Sorry. First one is societal impact stuff, like model trained on stereotypes essentially. The second was your bias factor, your weights and bias. Your bias parameter really. The third is this middle ground where you actually are biasing a model towards a true representation of reality. So it’s still sort of an uplevel of the bias concept in terms of a bias parameter, but it has no negative connotation to it. So our whole thing at least at the beginning was we should just define two types of bias real quick, just that we have a basis to talk about. So basically we proposed bias is just an act of shifting the effect of a model to one side or another, or to a specific area. So limiting the space within which a model has acceptable outputs.

00:07:11

So an example of this is I want to train a model to predict spam. I could bias it towards predicting spam correctly. I could bias it by saying if the word Viagra shows up, it’s very likely spam. And that’s probably true to some extent.

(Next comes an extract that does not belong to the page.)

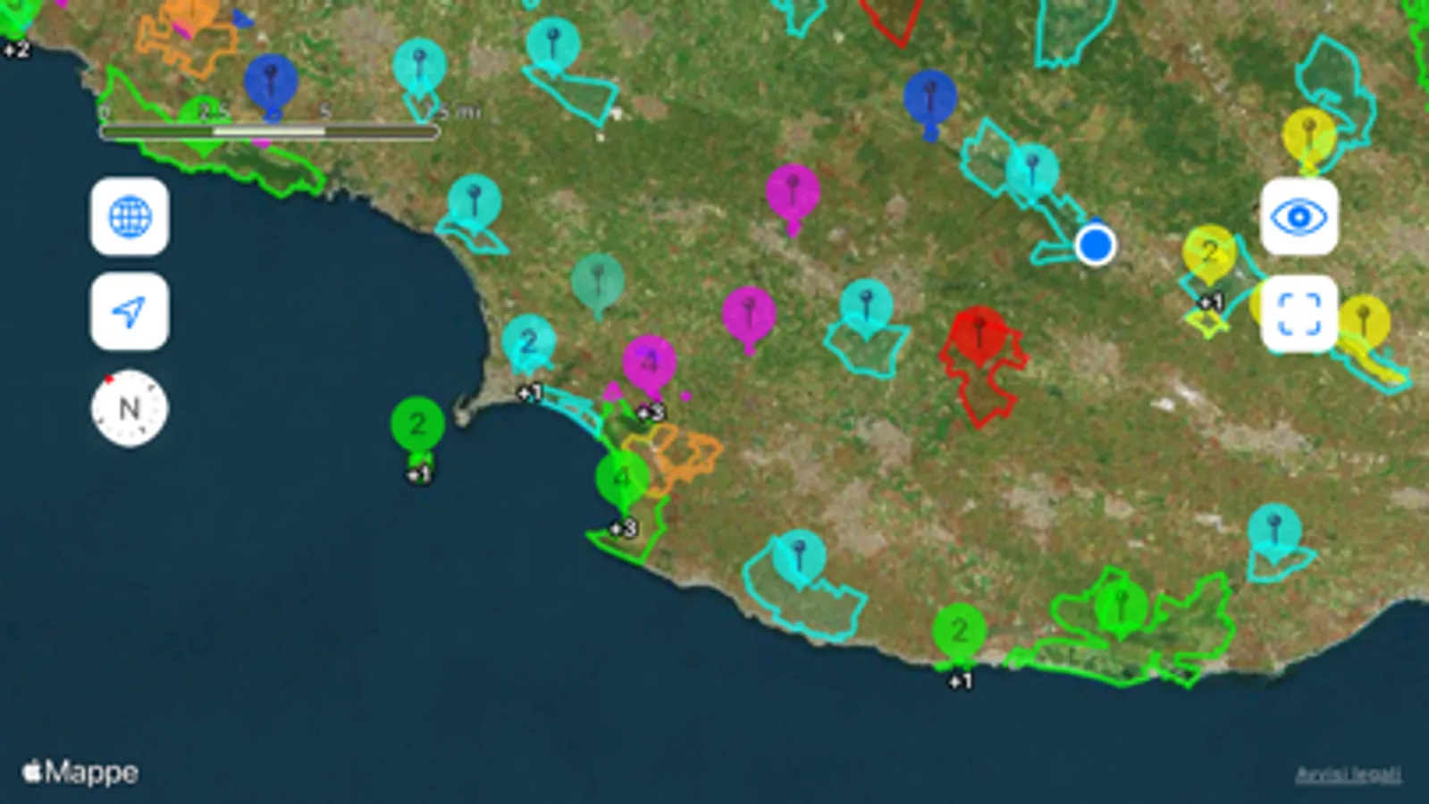 L'app provvede a visualizzare la posizione dell'utente su una mappa dove sono state proiettate le aree delle zone chiuse e protette, dove non si può esercitare l'attività venatoria.

But it’s still very important for us to be able to talk about the societal impact of bias. So we propose another terminology which is degenerative bias, where in fact when you bias a model using these outdated stereotypes or whatever they happen to be, your personal biases and you bring them to the table, what you’re doing is you’re actually biasing the model away from an accurate representation of reality. So it’s important that we lend the discussion with those two things.

00:07:59

And the core point of that whole talk is basically to go on to say that the way supervised machine learning has evolved over time has made supervised machine learning very reliant on hand labeled data, which is one of many different sources of this bias can creep in, specifically degenerative bias. You can have hand labelers who bring their own biases to the table. You’ve got the way you’re sampling data, that could be biased inherently, the way you’re stratifying it. All sorts of things can affect the way your model’s performing. These days, most of the time, I’m not going to say all the time, but most of the time your model’s not biased because you trained in inherently biased architecture. It’s usually because your data’s biased in some way, degenerative biased.

00:08:54

So our whole argument was, “Look, we can’t really get away from labeling,” so you have to label data. But maybe there’s a better way to be more explicit about the biases we’re checking in. And if you’re explicit about them, then it’s possible to go back and change them. So now the question is what techniques do we have to be able to do that sort of thing? And weakly supervised learning is one of them. Active learning is another one of them. I had a whole slide of just various techniques and how they kind of play together. But it was meant to just be like a, “Look, you can’t really get away from bias. The whole point of labeling is the bias model. But what you do want to do is limit the amount of degenerative bias you’re introducing. And in order to do that, it has to be explicit. It can’t be implicit.” So that was sort of the core of the talk.

Jon Krohn: 00:09:45

Cool. And so something I’d love to dig into more is the arguments against hand labeling. So you mentioned how hand labeling there is one way that we can introduce generative bias as you termed it. But what are the other arguments against hand labeling? I know that that’s something that you’re expert in.

Shayan Mohanty: 00:10:04

Yeah, so there are lots. So starting with bias obviously, if you have an army of humans we’re labeling data. One of the issues with labeling fundamentally is that it is a non-deterministic process. Now as we move towards more enterprise ready machine learning, not the wild west machine learning where it’s just like let’s throw a bunch of data into a pot and stir it a couple times, and see what pops out the other end. Now we’re talking about how do we get reproducible results? How do we make sure that we have pipelines? When we start using the word pipeline, it implies some amount of determinism. But the problem is you lose that when you have hand labeling. And that amounts to a whole bunch of stuff.